"Sejak peraturan sebelumnya dicabut dan digantikan oleh Permendag 8 Tahun 2024, pemerintah seakan mengubah semangatnya menjadi relaksasi impor sehingga banyak brand lokal kembali ke produk impor," kata Gita saat dihubungi MPI.
Gita menerangkan kondisi tersebut menjadikan persaingan harga dan ketersediaan barang impor mengganggu tingkat penjualan produk TPT dalam negeri. Lantaran tak ada harapan, lanjut Gita, penutupan pabrik maupun PHK massal karyawan menjadi tak terelakkan.

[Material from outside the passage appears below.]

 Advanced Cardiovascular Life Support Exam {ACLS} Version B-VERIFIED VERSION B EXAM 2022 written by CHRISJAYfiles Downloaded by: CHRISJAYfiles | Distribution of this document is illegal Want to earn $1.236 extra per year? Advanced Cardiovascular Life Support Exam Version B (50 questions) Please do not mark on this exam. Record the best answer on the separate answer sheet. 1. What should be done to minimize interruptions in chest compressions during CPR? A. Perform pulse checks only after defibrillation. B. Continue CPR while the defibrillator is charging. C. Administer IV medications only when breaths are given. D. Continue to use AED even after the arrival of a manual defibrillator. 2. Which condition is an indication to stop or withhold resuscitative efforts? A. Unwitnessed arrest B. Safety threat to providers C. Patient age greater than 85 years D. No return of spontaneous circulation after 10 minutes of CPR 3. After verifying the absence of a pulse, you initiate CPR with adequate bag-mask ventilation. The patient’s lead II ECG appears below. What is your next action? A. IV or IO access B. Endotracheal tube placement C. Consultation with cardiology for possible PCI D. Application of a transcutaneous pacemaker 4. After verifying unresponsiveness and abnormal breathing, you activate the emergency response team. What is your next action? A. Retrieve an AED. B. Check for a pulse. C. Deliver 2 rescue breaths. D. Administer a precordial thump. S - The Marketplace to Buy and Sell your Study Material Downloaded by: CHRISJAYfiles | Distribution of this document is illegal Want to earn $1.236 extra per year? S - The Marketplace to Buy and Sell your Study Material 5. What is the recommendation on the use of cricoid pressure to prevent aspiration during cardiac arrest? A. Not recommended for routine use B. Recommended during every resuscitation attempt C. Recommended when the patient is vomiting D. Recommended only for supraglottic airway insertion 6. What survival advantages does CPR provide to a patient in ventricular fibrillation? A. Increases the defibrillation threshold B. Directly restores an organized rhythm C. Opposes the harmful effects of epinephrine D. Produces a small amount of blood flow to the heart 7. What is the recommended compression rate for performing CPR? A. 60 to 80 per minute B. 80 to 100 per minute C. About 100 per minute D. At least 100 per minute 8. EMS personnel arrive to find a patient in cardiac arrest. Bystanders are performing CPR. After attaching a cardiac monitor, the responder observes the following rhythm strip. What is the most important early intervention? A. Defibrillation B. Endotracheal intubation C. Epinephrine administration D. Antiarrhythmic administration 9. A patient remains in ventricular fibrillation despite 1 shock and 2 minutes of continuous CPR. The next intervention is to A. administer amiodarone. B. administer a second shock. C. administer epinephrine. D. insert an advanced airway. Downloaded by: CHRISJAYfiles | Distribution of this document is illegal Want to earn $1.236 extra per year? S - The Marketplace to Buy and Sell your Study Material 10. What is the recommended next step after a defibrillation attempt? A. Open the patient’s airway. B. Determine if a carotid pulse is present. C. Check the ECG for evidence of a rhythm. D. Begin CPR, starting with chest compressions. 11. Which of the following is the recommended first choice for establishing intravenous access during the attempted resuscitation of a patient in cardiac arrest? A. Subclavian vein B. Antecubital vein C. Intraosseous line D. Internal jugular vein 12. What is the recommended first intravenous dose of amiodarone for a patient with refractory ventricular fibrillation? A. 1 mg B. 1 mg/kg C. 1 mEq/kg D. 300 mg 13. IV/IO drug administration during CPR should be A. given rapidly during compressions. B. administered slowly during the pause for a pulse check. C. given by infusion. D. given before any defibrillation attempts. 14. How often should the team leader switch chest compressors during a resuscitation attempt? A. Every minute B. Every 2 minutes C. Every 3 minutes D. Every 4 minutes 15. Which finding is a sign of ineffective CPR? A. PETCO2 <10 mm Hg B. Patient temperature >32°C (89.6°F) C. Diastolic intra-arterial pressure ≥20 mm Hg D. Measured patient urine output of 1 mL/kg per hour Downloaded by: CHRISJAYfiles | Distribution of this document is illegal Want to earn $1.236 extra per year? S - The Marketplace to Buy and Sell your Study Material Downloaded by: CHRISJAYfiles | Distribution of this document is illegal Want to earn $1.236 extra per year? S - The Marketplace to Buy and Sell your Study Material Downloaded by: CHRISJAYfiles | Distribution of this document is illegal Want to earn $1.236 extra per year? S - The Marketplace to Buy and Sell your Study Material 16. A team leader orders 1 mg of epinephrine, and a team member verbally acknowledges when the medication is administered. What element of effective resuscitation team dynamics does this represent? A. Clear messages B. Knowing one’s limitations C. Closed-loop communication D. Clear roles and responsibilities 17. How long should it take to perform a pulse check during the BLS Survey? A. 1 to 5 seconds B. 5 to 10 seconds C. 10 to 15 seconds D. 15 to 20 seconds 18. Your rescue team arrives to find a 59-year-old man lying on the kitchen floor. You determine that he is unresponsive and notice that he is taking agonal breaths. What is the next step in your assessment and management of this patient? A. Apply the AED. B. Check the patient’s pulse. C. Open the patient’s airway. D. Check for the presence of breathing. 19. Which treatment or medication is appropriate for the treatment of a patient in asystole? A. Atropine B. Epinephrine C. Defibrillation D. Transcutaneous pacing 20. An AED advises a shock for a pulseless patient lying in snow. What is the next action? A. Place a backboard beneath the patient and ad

"Karena merasa tidak ada harapan lagi dan cashflow yang buruk, maka sebagian perusahaan memutuskan menutup pabriknya dan mem-PHK sisa karyawannya," tegas Gita.

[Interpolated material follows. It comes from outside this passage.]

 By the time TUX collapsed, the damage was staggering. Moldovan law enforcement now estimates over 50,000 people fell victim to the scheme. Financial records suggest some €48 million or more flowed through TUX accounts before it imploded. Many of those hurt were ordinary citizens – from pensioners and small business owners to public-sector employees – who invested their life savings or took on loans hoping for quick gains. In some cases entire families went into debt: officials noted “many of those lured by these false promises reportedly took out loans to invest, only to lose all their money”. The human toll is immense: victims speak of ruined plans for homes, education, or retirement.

Perlu diketahui, Permendag Nomor 8 Tahun 2024 yang diterbitkan dan diundangkan mulai 17 Mei 2024 itu memberikan relaksasi perizinan impor terhadap tujuh kelompok barang, di antaranya elektronik, alas kaki, pakaian jadi dan aksesoris pakaian jadi, tas, serta katup.
Sementara sebelumnya, perizinan impor terhadap tujuh kelompok barang tersebut perlu diurus Peraturan Teknis (Perteks) sebagai salah satu dokumen izin impor agar dapat memasuki pasar domestik Indonesia.

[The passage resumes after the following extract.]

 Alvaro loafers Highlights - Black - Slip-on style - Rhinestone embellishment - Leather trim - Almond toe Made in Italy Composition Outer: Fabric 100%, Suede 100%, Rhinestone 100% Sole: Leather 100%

Syarat Perteks ini dilakukan sebagai upaya pemerintah dalam melindungi industri dalam negeri dari gempuran produk-produk impor. Kendati demikian, lantaran berimbas pada penumpukan kontainer di pelabuhan pada awal Mei lalu, Permendag Nomor 8 Tahun 2024 dikeluarkan guna menghilangkan syarat Perteks tersebut.